No pedido para a Justiça, a Sociedade argumenta que é necessário fazer
as "obrigações religiosas referente a religião de matriz africana
candomblé, o ritual do sepultamento e, subsequente, do axexê".
"Nos ritos de religião de matriz africana, o
sepultamento e o ritual do axexê é fundamental, sobretudo, para uma
líder religiosa, para tal desiderato é necessário que seu corpo físico,
mesmo que morto, esteja dentro do espaço religioso no qual foi
sacralizado, no caso de Mãe Stella de Oxóssi esse lócus é o terreiro do
Ilê Opô Afonjá".
Eles ainda consideraram que o velório e sepultamento
fora do terreiro é "uma afronta a toda a uma tradição religiosa
Africana a eus acomunidade". A juiza afirmou, em sua decisão, que a não
relização do ritual religioso seria uma "medida irreversível" e que
poderia colocar em risco a "continuidade dos ritos religiosos" do
terreiro.
"Nesse nessa monta, ante a precariedade da decisão
vê-se que causará menos prejuízo se o velório se der em Salvador, visto
que assim se estará evitando que todo um culto religioso seja violado
ante a alteração do lugar do sepultamento da Iya Stella de Oxossi, ainda
que indo contra o exercício da companheira de escolher o local de
sepultar o corpo conforme direito que lhe assiste", acrescentou a juíza.

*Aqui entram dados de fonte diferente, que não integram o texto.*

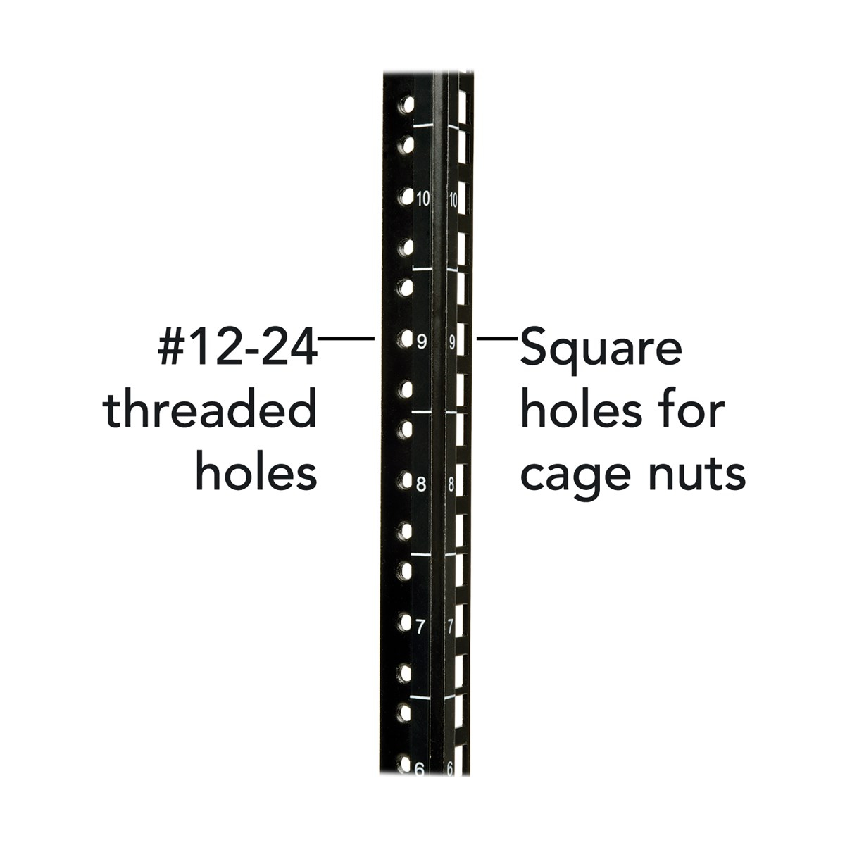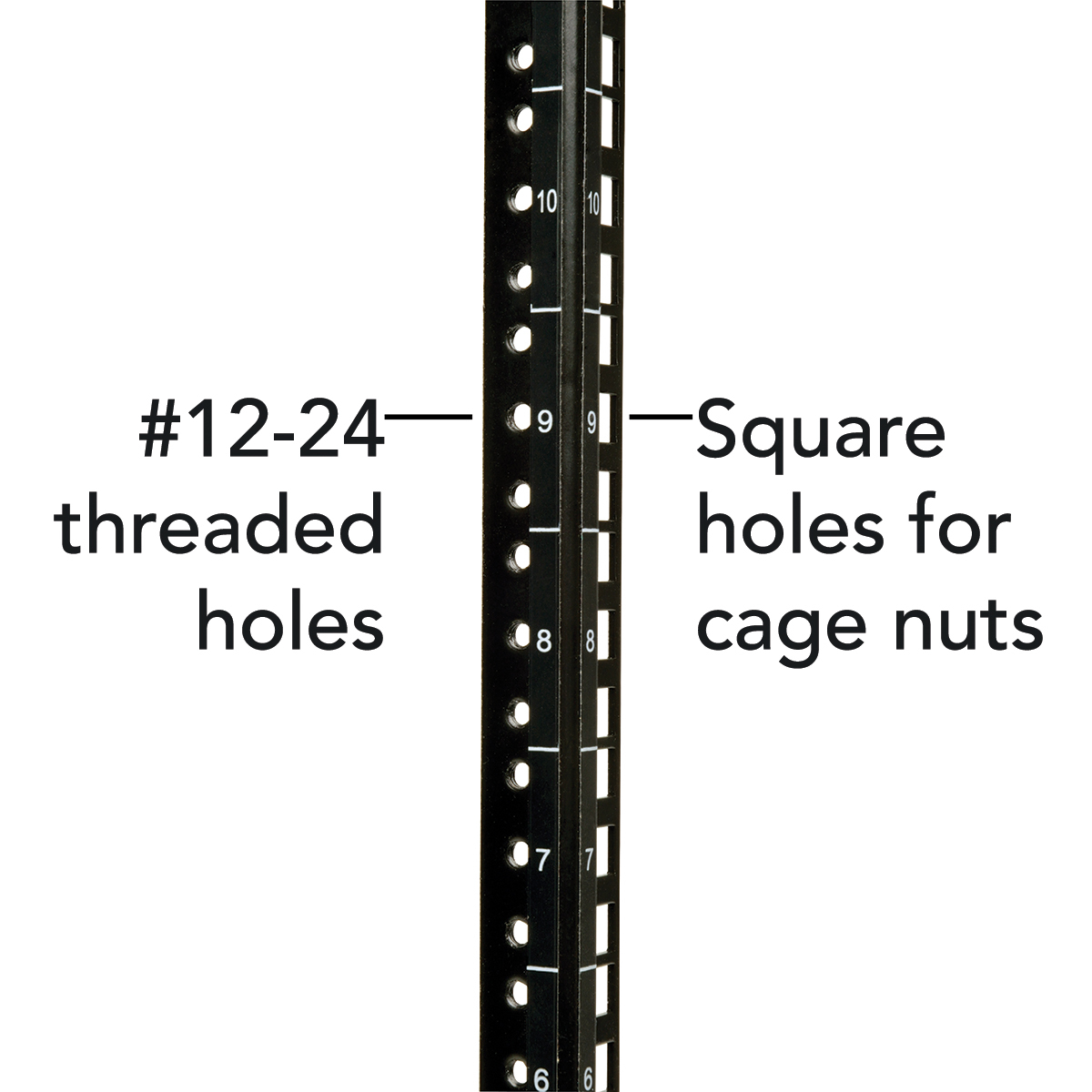 Rails support square-hole or 12-24 threaded-hole mounting
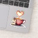 Steam rises out of a tea cup making a heart shape. A tea bag with "Love" typed on it rests beside the cup. This cute design is perfect for tea lovers on Valentine's Day.
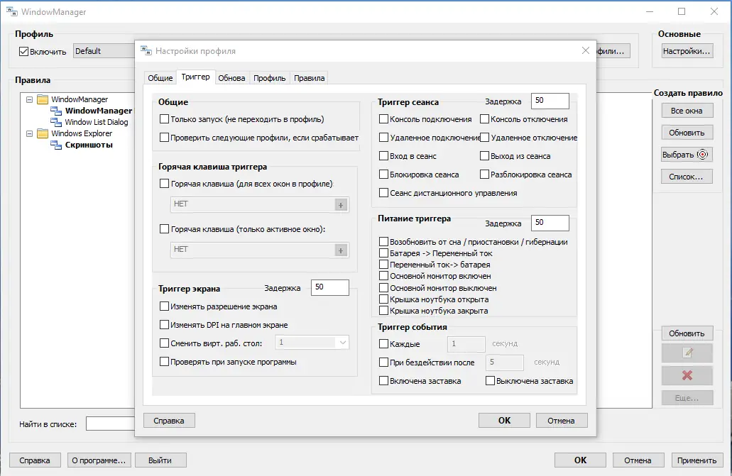 - Поддержка нескольких профилей и автоматическое переключение по триггерам
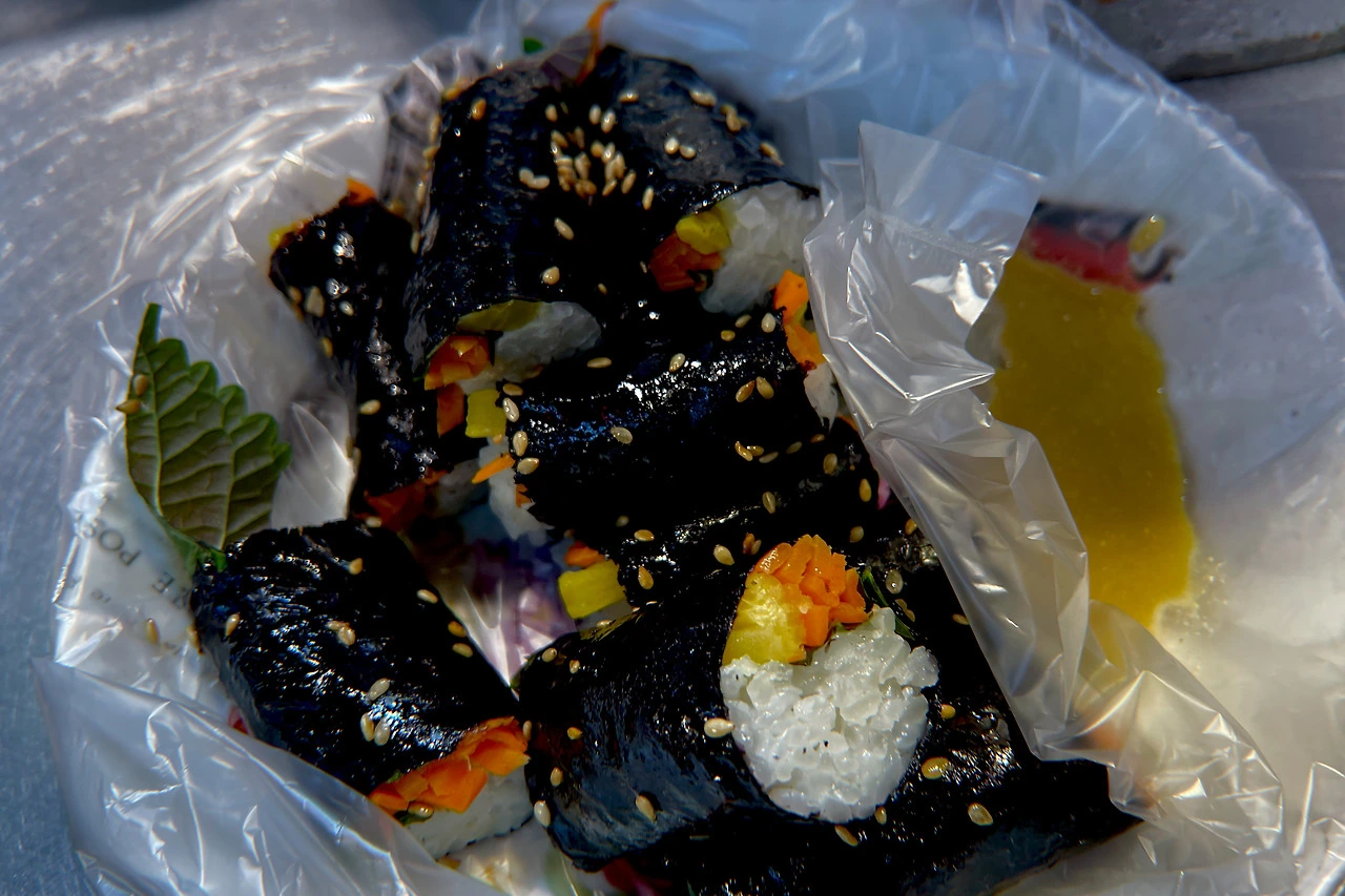 김밥 옆에 놓인 노란 소스를 찍어 먹어보니 맛이 독특하다. 예전에 '마약김밥'이라는 이름으로 명성을 떨치게 했던 바로 그 겨자 소스인가 보다. (지금은, 식품에 '마약'관련 명칭 사용이 금지되어서 아마 '마약김밥'이라는 메뉴명은 못쓰는 걸로 알고 있다.) 톡 쏘는 새콤달콤함이 평범한 꼬마 김밥을 특별하게 만들어준다.

Em nota, a Comissão Especial de Combate à
Intolerância Religiosa da Ordem dos Advogados do Brasil - Seccional
Bahia (OAB-BA) se manifestou afirmando que entende que a realização do
velório e enterro deveria ser feito com o ritual religioso.
"Assim, a prima facie, o conjunto de elementos
próprios ao cerimonial fúnebre nos termos da profissão de fé da
liderança religiosa deve ser rigorosamente respeitado, em consideração à
memória e empenho sobre-humano da religiosa em testemunhar da religião
de matriz africana de forma sensível e translúcida", diz a nota.
Confira nota na íntegra:
Mãe Stella de Oxóssi formou-se pela Escola de
Enfermagem e Saúde Pública e iniciou sua função religiosa em 1976,
quando escolhida como quinta iyalorixá da tradicional casa Ilê Axé Opó
Afonjá, a qual, sob sua guia, foi tombada pelo Instituto do Patrimônio
Histórico e Artístico Nacional (IPHAN) em 1999.
Mãe Stella de Oxóssi transcende a poderosa
representatividade religiosa dada a importância sociocultural e política
de suas produções literárias e artísticas, tendo ascendido à cadeira 33
na Academia Baiana de Letras, cujo patrono é Castro Alves, bem como por
figurar como proeminente ativista e militante de movimentos sociais
marcada pela luta pela igualdade racial e reproche ao ódio religioso.
Ciente da existência de litígio judicial em
torno do sepultamento de Mãe Stella de Oxóssi, no qual se discute a sua
realização em Nazaré das Farinhas, cidade em que vivia nos últimos meses
com a sua companheira ou a transferência de seu corpo para Salvador, a
fim de promover o cumprimento dos preceitos junto ao Ilê Axé Opô Afonjá,
considerando que a sucessão espiritual que culminará na substituição da
sacerdotisa prescinde da liturgia que envolve o sepultamento seguida do
axexê, sob pena da inviabilização das atividades da casa e realização
das obrigações de práxis, manifestamo-nos sobre o impasse instaurado.
A Comissão entende que, diante de toda uma vida
dedicada ao Candomblé, mediante entrega voluntária ao sacerdócio,
promovendo e defendendo a fé, além da longeva atuação na preservação da
religião e da religiosidade como elementos identitários da cultura
brasileira, a menos que existe disposição de última vontade (o que é
desconhecido) de Mãe Stella de Oxóssi, como testamento ou codicilo, em
sentido divergente, ou seja, que aponte a recusa ou negativa do ritual
religioso de passagem previsto, dever-se-ia assegurar-lhe a realização,
em consonância com o art. 5º, inciso VI da CF no qual verifica a
inviolabilidade da “liberdade de crença” e a garantia “na forma da lei a
proteção aos locais de culto e suas liturgias”.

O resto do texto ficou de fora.